Revelry

Revelry

Before me lies my drink and I am drunk, wretched and unfeeling in the smokey revelry. The girls surround me always. Pretty emaciated faces bobbing beneath wreaths of golden hair like some earthly angel from days past when belief in the existence of such creatures still held. The ground spins. Piss drunk as I am my arms reach of their own accord for beer, now warm, and with shaking fingers I lift the can to my lips.


The women couple to the men like the closing of animal jaws. My eyes light upon my phone and the red and white flame stands aglow, inviting. Tinder. New message from Zoe. Would that I could read this missive but my arms hang limply at my sides. Deliver me from this place and unto the warmth of Zoe's amber skin. Honey against the white of her tight bikini. I see it again without looking, an image I know now like no other, like some idol or icon stood before me as I squeezed and pumped with brutal efficiency all over the peach fuzz glow of my bare midriff.


Decadence, decadence, wines and cheeses and meats on platters shining in the light, bring them now to the symposium and let us dine. Bacchus leaves, quietly, his jowls lost of their ruddy glow.
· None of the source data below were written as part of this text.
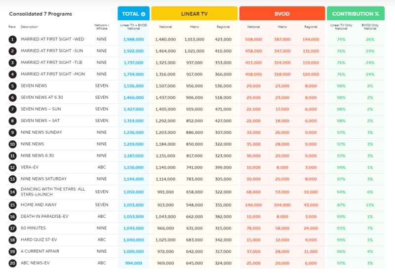 周日的《结婚》一幕剧集是第二名,全国有192.2万观众。MAFS的星期二晚上是第三场节目,全国有1737万观众。
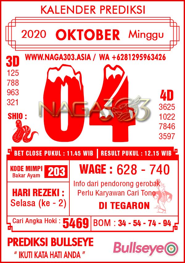 Prediksi Bullseye Minggu 04 Oktober 2020 | Web Toto Naga303
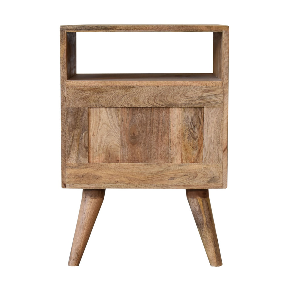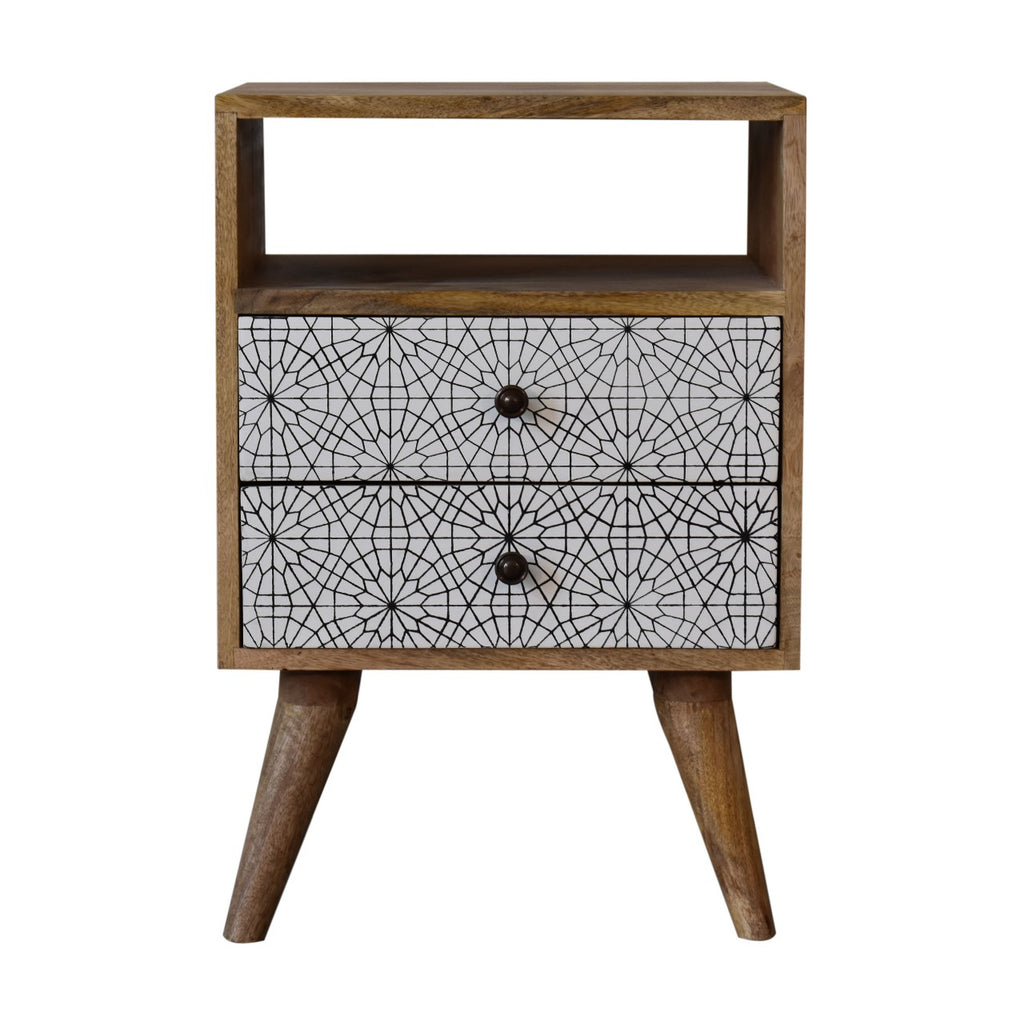 This 2 drawer bedside has been constructed from 100% solid mango wood and finished in a fine oak-ish finish body. The main features of this piece are the 2 screen printed drawer fronts which have a beautiful black and white geometric design giving the piece extra dimension and character. Useful storage is provided with the open slot allowing you to keep any bits and pieces close before bedtime. It also has 4 Nordic style legs and ample space on top for a lamp, photo frames or ornaments.
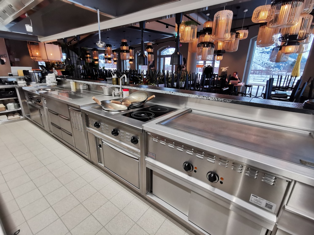 Nayati kitchen at Nooba Andermatt featuring modular equipment for Asian cuisine in Switzerland
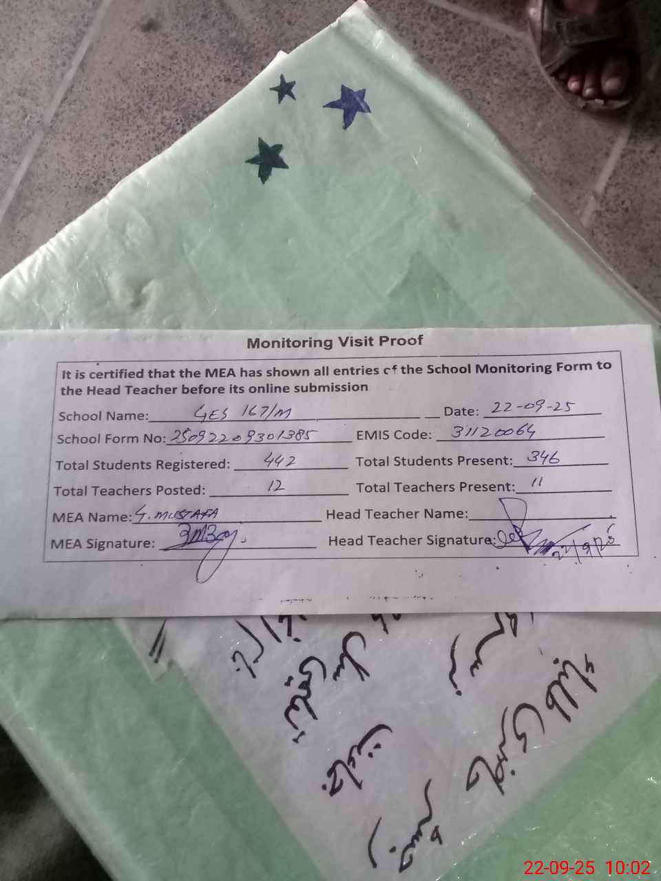 | EMIS Code: 31120064 | Name of School: GES CHAK 167/M | |||
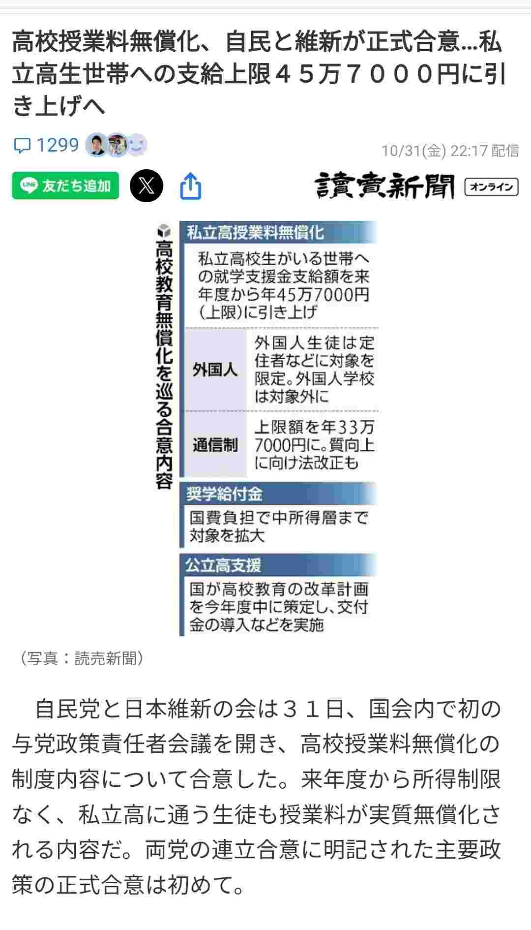 現状では外国人学校の一条校は高校無償化の範囲に入ってるが、除外するんだろうか
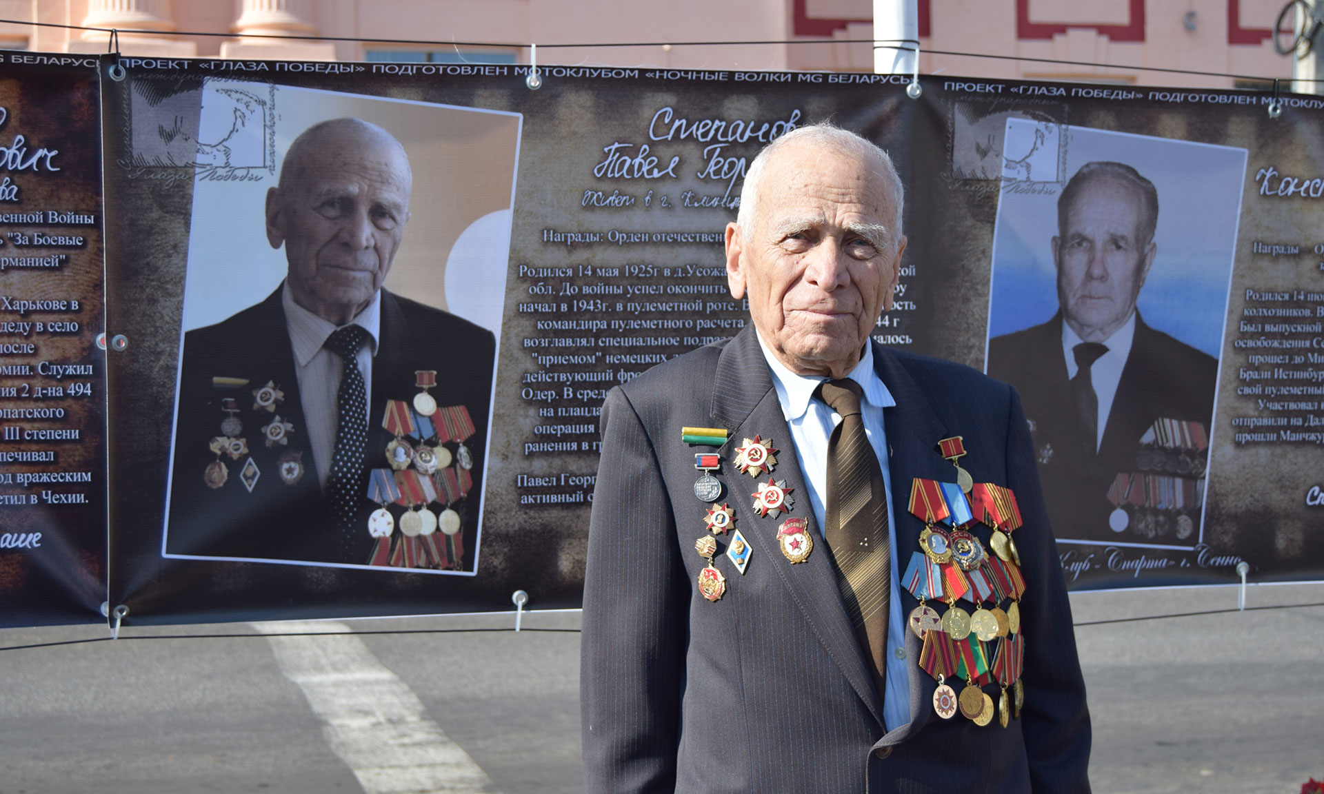 С самого утра жители могли полюбоваться выставкой, посвященной Великой Отечественной войне под названием «Глаза Победы», которую привез в Клинцы известный байкерский клуб «Ночные волки». Среди изображенных на выставке ветеранов был и клинчанин Павел Георгиевич Степанов.
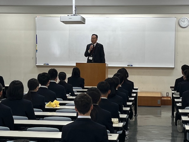 前日、学年で結団式をおこない、校長先生からこの修学旅行に向けて学んでほしいことがメッセージとして伝えられ、代表生徒からは、素晴らしい修学旅行にしたいという見事なスピーチがありました。
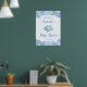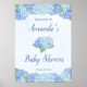 This baby shower poster features blue hydrangea flowers. Personalise it with a name and date. This poster is part of a collection featuring a full range of matching baby shower products.
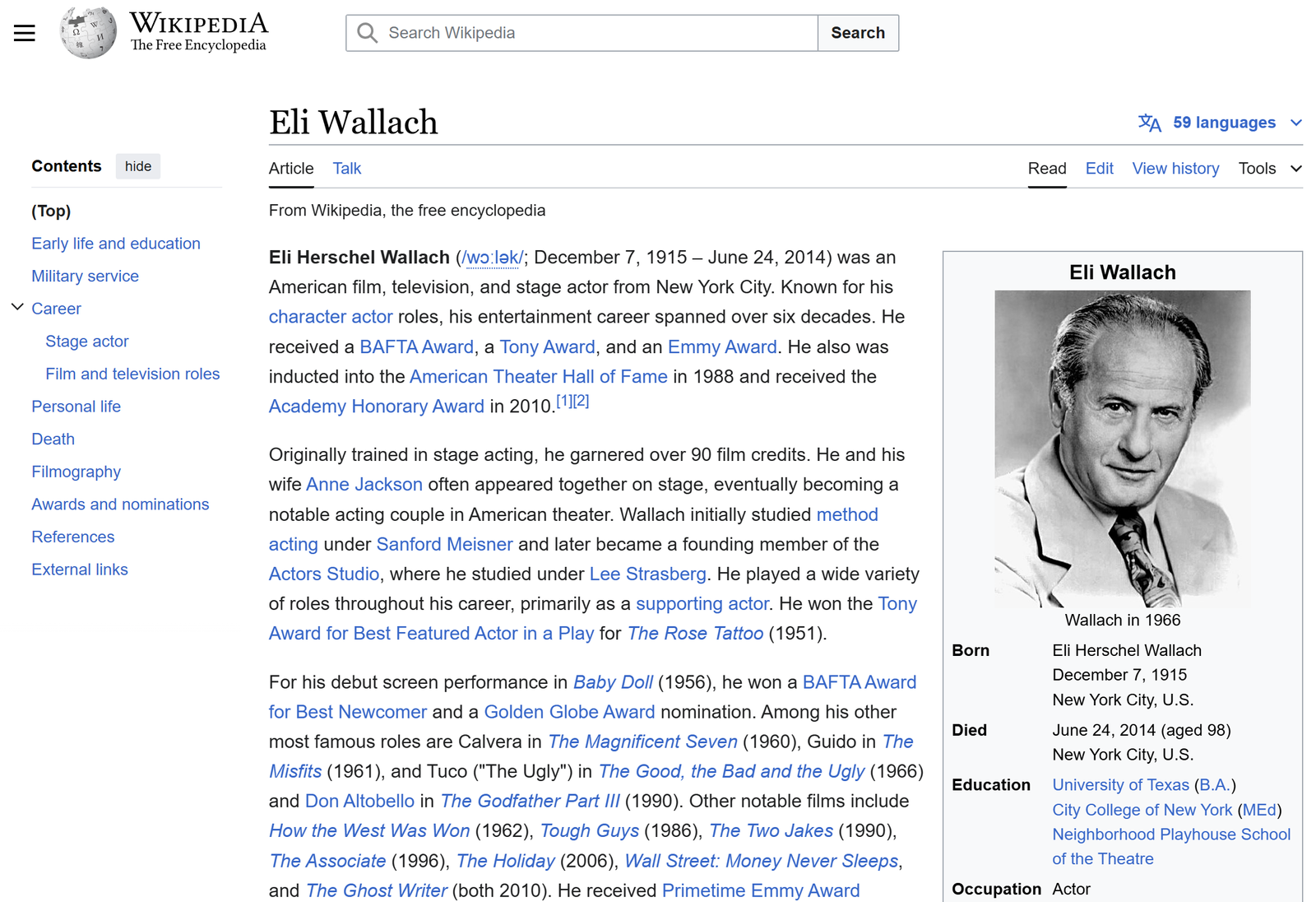 This increase agrees with their first appearances on the screen (i.e., in 1951 and 1952 for Wallach, mainly on TV, and Van Cleef, respectively, in 1955 for Eastwood). The earlier appearance of Wallace in the books is attributed to his stage appearance which took place in 1945.

I rap upon the table and the lads laugh. Bring now the vodka, bring now the rum. They set the burning drink before me and it is gone in a single pull. I am warm. The dark panes of the sliding glass door reflect the perfect likeness of the sky.


I am going to vomit. The room pitches and rolls. Again now just as every other time I swell and stand pointing towards the heavens, pulsing and pushing against the delicious cage of tight blue jeans. My eyes close and I demand the nausea rest but it will give me no quarter and again her amber skin and her inviting pink lips and I must stand and walk with shaky legs towards the balcony.


The night air is cool on my face. Somewhere in the dark a coyote or somesuch creature howls. I wonder whether beneath my liquorsoaked clothes there is some more pure essence but the question itself declares what is already clear and known in my heart. The acidic drink washes away the fine exterior I have carved and attended to so dutifully all these years and beneath that lies what? How could anything remain?


A man is stood next to me. He is leaned against the railing, drunken same as I and as he turns towards me he stumbles and for a moment the fluid motion seems broken into discrete fragments and every line becomes statuesque and it looks as though he is dancing.


"Thanks for inviting me, man," he calls, and he smiles, "I really..." but the words trail away. I know what he wants to say. The sky becomes gray and soon the day will begin again.